→ EXERCISE
The reply must consist of the complete listing, reproduced exactly, with no images included.
"""
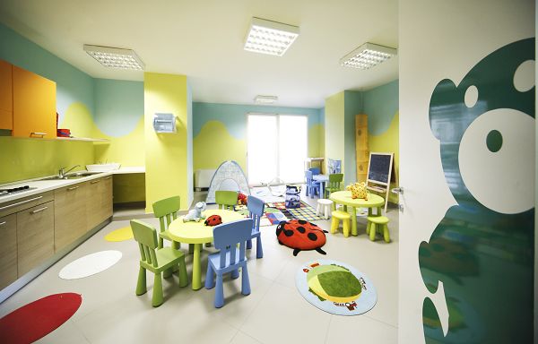 Baby room attrezzata con giochi, biberoneria e cucina a disposizione delle mamme
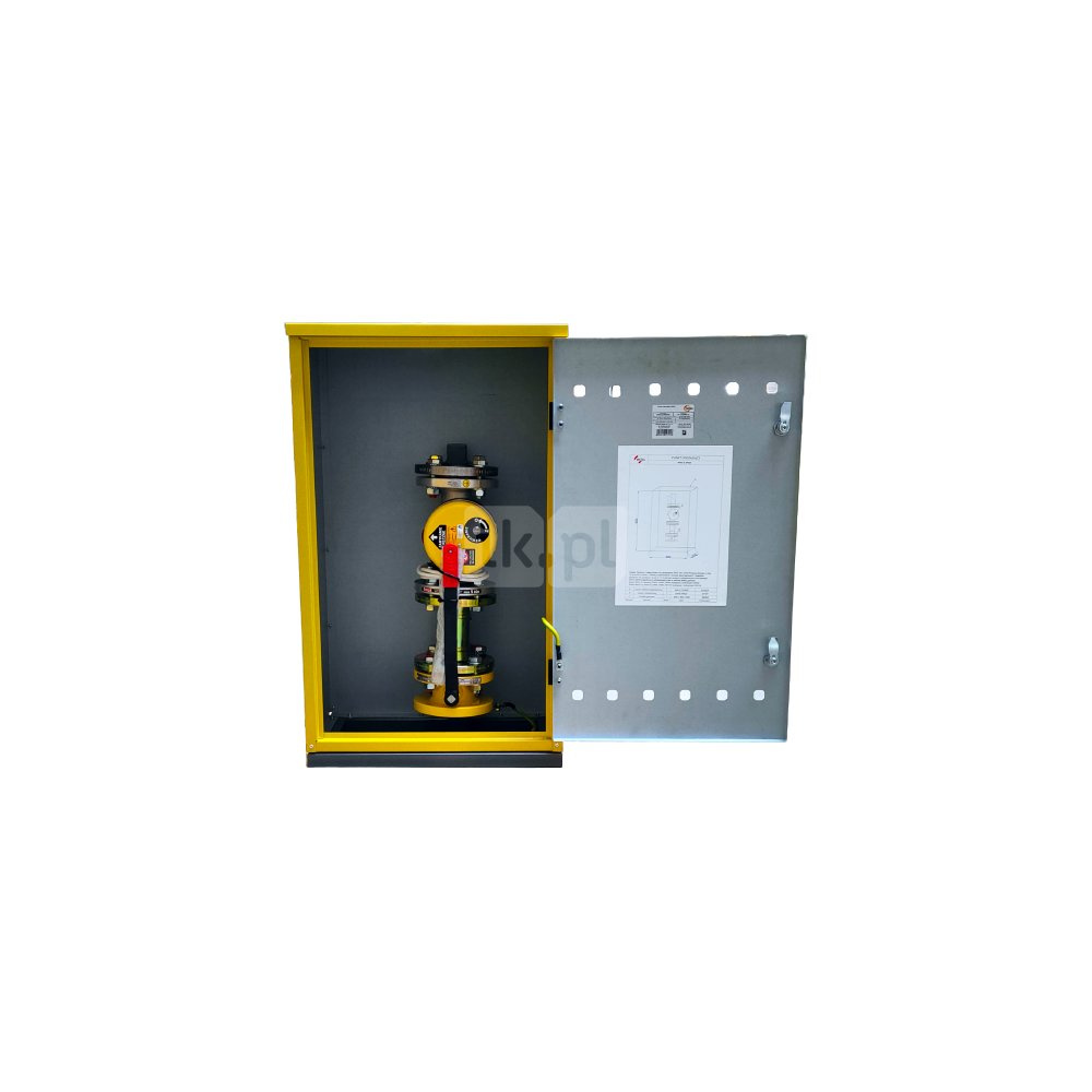 W skład takiego punktu wchodzą zawory kulowe kołnierzowe oraz zawór elekromagnetyczny, który pewnie i skutecznie odcina dopływ gazu do instalacji, w chwili wykrycia gazu w pomieszczeniu, przez detektory. Zawór odcinający dopływ gazu do budynku, będący elementem składowym urządzenia sygnalizacyjno-odcinającego, powinien być instalowany poza budynkiem, między kurkiem głównym a wprowadzeniem przewodu do budynku.
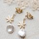 A swaying earring that combines delicate snow charm and ornate poppy pearl.
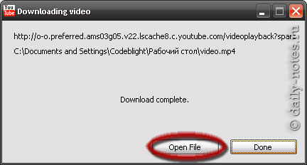 Далее пойдет прогресс сохранения видео. При необходимости его можно отменить кнопкой «Cancel». После сохранения видео с youtube вы увидите следующий диалог.
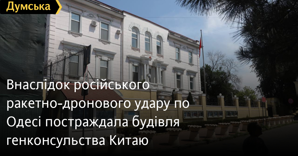 Будівля генерального консульства Китайської Народної Республіки постраждала внаслідок нічного ракетно-дронового удару, завданого російськими нацистами по Одесі.
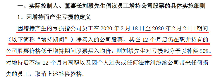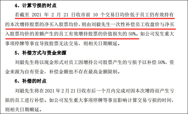 上述公告中提到,劉毅將以現金形式對員工因增持產生的虧損予以補償,資金來源為自有資金,補償金額也不存在最高金額限制,補償時間點為2021年2月21日收市後一個月內。
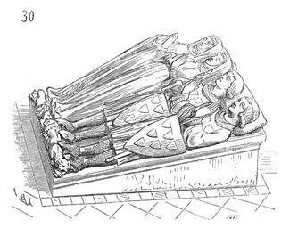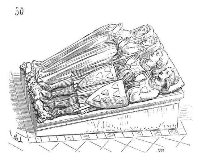 | Keywords: Tombeau.eglise.Chaloche.png Drawings by Eugène Viollet-le-Duc Shields Viollet-le-Duc People with ecu Il y a une sorte de monument intermédiaire entre ces derniers tombeaux et les plates-tombes ce sont des statues couchées sur un lit légèrement incliné et ayant au-dessus du pavé un faible relief Ces tombes étaient placées dans le chœurs des églises ou dans des chapelles de façon à être vues des fidèles et à ne pas gêner la circulation Il existait avant la révolution dans l'église de Chaloché au milieu du chœur un tombeau ainsi composé c'était celui de Thibaut seigneur de Mothefélon de Béatrix de Dreux sa femme de leur fils et de leur bru Les quatre statues étaient couchées sur un socle peu élevé en forme de lit de camp fig 30 ; les statues étaient peintes; les deux sires de Mothefélon avaient leurs mailles dorées et portaient des cottes armoyées de leurs armes qui sont de gueules aux six écussons d'or posés 3 2 et 1 Ce tombeau datait du commencement du XIV<sup>e</sup> siècle Dictionnaire raisonné de l'architecture française du XI<sup>e</sup> au XI<sup>e</sup> siècle ~ 1856 Eugène Viollet le Duc Viollet-le-Duc Recumbent effigies in Pays de la Loire Chaloche Kloster Chaloché Abbeys in Maine-et-Loire |
"""
→ YOUR SOLUTION
 Baby room attrezzata con giochi, biberoneria e cucina a disposizione delle mamme
 W skład takiego punktu wchodzą zawory kulowe kołnierzowe oraz zawór elekromagnetyczny, który pewnie i skutecznie odcina dopływ gazu do instalacji, w chwili wykrycia gazu w pomieszczeniu, przez detektory. Zawór odcinający dopływ gazu do budynku, będący elementem składowym urządzenia sygnalizacyjno-odcinającego, powinien być instalowany poza budynkiem, między kurkiem głównym a wprowadzeniem przewodu do budynku.
 A swaying earring that combines delicate snow charm and ornate poppy pearl.
 Далее пойдет прогресс сохранения видео. При необходимости его можно отменить кнопкой «Cancel». После сохранения видео с youtube вы увидите следующий диалог.
 Будівля генерального консульства Китайської Народної Республіки постраждала внаслідок нічного ракетно-дронового удару, завданого російськими нацистами по Одесі.
 上述公告中提到,劉毅將以現金形式對員工因增持產生的虧損予以補償,資金來源為自有資金,補償金額也不存在最高金額限制,補償時間點為2021年2月21日收市後一個月內。
 | Keywords: Tombeau.eglise.Chaloche.png Drawings by Eugène Viollet-le-Duc Shields Viollet-le-Duc People with ecu Il y a une sorte de monument intermédiaire entre ces derniers tombeaux et les plates-tombes ce sont des statues couchées sur un lit légèrement incliné et ayant au-dessus du pavé un faible relief Ces tombes étaient placées dans le chœurs des églises ou dans des chapelles de façon à être vues des fidèles et à ne pas gêner la circulation Il existait avant la révolution dans l'église de Chaloché au milieu du chœur un tombeau ainsi composé c'était celui de Thibaut seigneur de Mothefélon de Béatrix de Dreux sa femme de leur fils et de leur bru Les quatre statues étaient couchées sur un socle peu élevé en forme de lit de camp fig 30 ; les statues étaient peintes; les deux sires de Mothefélon avaient leurs mailles dorées et portaient des cottes armoyées de leurs armes qui sont de gueules aux six écussons d'or posés 3 2 et 1 Ce tombeau datait du commencement du XIV<sup>e</sup> siècle Dictionnaire raisonné de l'architecture française du XI<sup>e</sup> au XI<sup>e</sup> siècle ~ 1856 Eugène Viollet le Duc Viollet-le-Duc Recumbent effigies in Pays de la Loire Chaloche Kloster Chaloché Abbeys in Maine-et-Loire |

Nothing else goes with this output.